Bulgarian journalist and politician

Nikolay Tihomirov Barekov (Николай Тихомиров Бареков; born 16 October 1972) is a Bulgarian journalist, politician, and businessman. Since January 2014 he has been the leader of the political party Bulgaria Without Censorship.

== Biography ==
Barekov majored in Bulgarian philology, specializing in TV journalism. His career as a radio journalist began in 1992, when he joined the "Kanal Kom" (Bulgarian: "Канал Ком") radio in Plovdiv.

Between 2003 and 2010, Barekov presented the morning segment on the BTV channel. He subsequently hosted a number of shows on TV7.

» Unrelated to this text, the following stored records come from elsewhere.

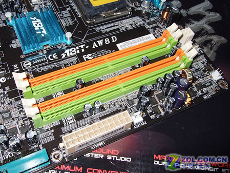 升技AW8D支持双通道DDR2 533/677内存,主板提供4个DIMM插槽。内存供电模块搭配大量红宝石滤波电容。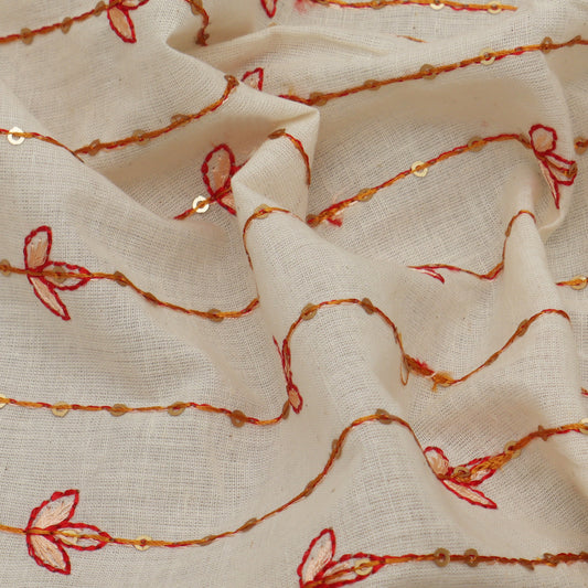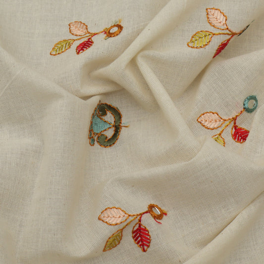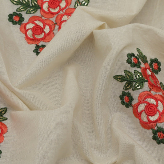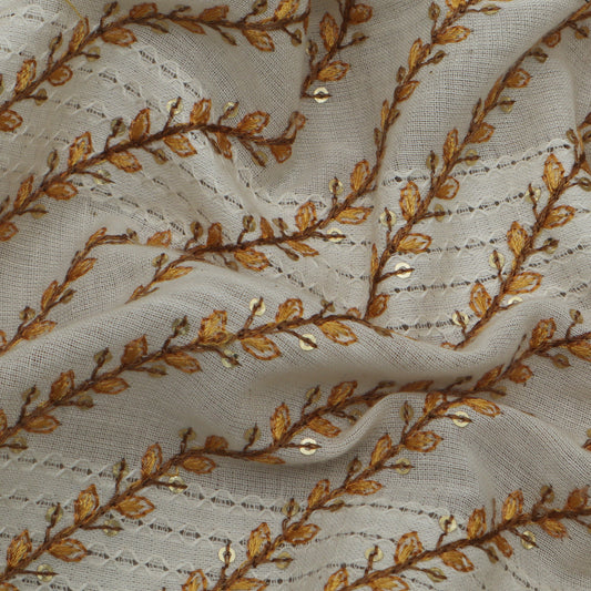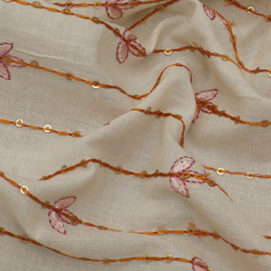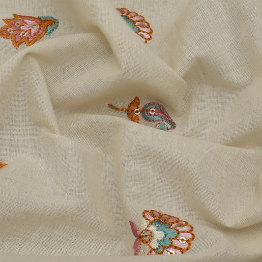 Cream Color Kora Cotton Embroidery Fabric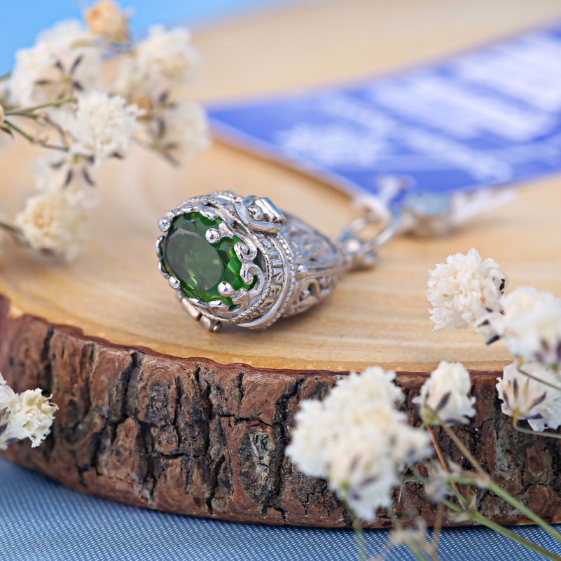 Серебряная подвеска - ладанка с иконой из серебра 925 пробы с покрытием родия и вставкой зелёного фианита.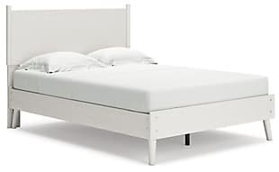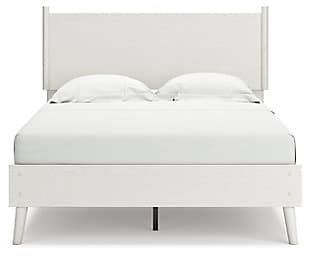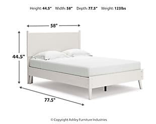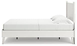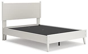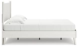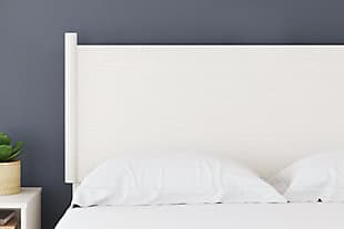 Dare to take minimalism to the max. The Aprilyn full panel bed has an air of sleek simplicity thanks to its white painted finish with subtle replicated wood grain. The headboard's optional reversible cushions are an inventive element, allowing you to choose faux leather or gray fabric to suit your space. There's no doubt about it: This contemporary piece is sure to become a classic.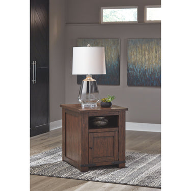 Rustic beauty and functionality ensue with this rectangular end table. Its farmhouse style garners attention with distressed rustic finish and black metal accents. You'll love the extra room in the cubby and lower cabinet for stashing items. What's more, a convenient AC power supply with two USB charging ports is located in the top of the cubby—perfect for keeping your cell phone or laptop charged without having to get up from your seat.

On 25 January 2014, Barekov founded the Bulgaria without Censorship political party and the new political establishment participated in the 2014 European elections as part of a coalition bloc with the nationalist IMRO and other smaller parties, earning two seats in the European Parliament and became members of the eurosceptic group of European Conservatives and Reformists. He is consistently ranked as an MEP with one of the lowest attendance rates in roll-call votes. He refused to give a reason for his absence when asked by Euronews.

Barekov supports the restoration of the monarchy with Simeon Saxe-Coburg-Gotha as Tsar of Bulgaria.